Pensioni anticipate, ultimissime Ape volontaria: addio arretrati maturati dal 1/5/2017?

Le ultime novità sulle pensioni anticipate  al 4 aprile 2018 non sono delle migliori per chi ha deciso di utilizzare l’anticipo pensionistico noto come ape volontaria. Già perché a distanza di due mesi dall’avvio della misura le cose procedono a rilento, e anche per quanti, pochi in verità,  hanno ricevuto la certificazione dei requisiti la strada non pare meno in salita.  Potrebbero essere a rischio la richiesta degli arretrati per quanti li hanno maturati da maggio 2017. Le domande dovrebbero essere formalizzate entro il 18 aprile, data ormai prossima, ma le persone non possono procedere. I dettagli e la rabbia dei lavoratori.

Ape volontaria, procede a rilento, perché?

Sebbene sul sito dell’Inps siano pervenute ben 186 mila richieste di simulazioni, a dimostrazione che la misura di per sé potrebbe anche interessare, le domande di certificazione degli aventi diritto stanno viaggiando a rilento. Le richieste presentate all’Inps sono poco più di 15 mila, pochissime rispetto alle tante simulazioni fatte, come mai?

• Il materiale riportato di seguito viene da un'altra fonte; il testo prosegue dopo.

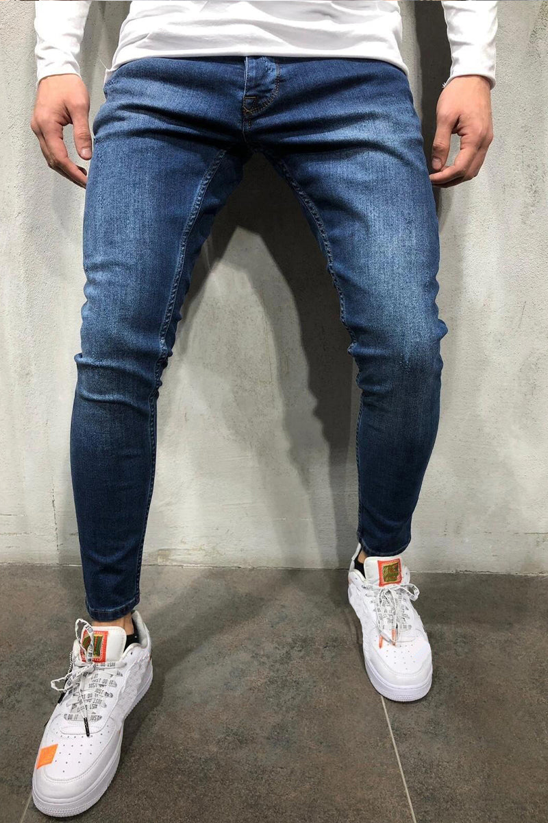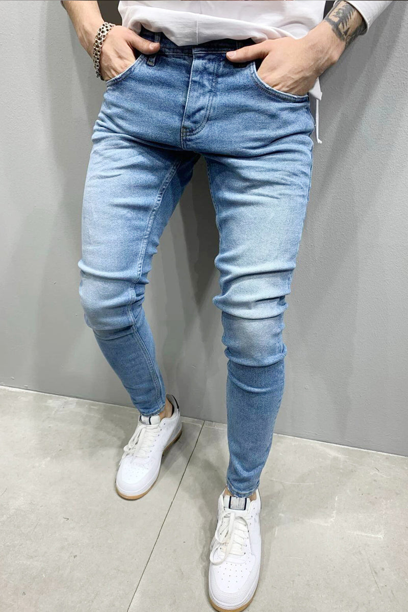 Мъжки случайни плътен цвят опънат кльощава дънки

In primis perché la misura secondo molti risulta poi poco vantaggiosa e tanti non rientrano tra i potenziali beneficiari.

Ricordiamo infatti che oltre ad essere una misura a totale carico del richiedente il pensionando deve essere in possesso di requisiti stringenti: almeno 63 anni d’età e 20 di contributi versati in una sola gestione. Inoltre la pensione lorda non deve essere inferiore a 710 euro al netto della presunta rata del prestito, che vari aa seconda del prestito richiesto, in base agli anni di anticipo pensionistico a cui si ambisce. Il costo netto dell’anticipo, nonostante la detrazione fiscale riconosciuta dallo Stato, resta elevato circa 5% per ogni anno di anticipo.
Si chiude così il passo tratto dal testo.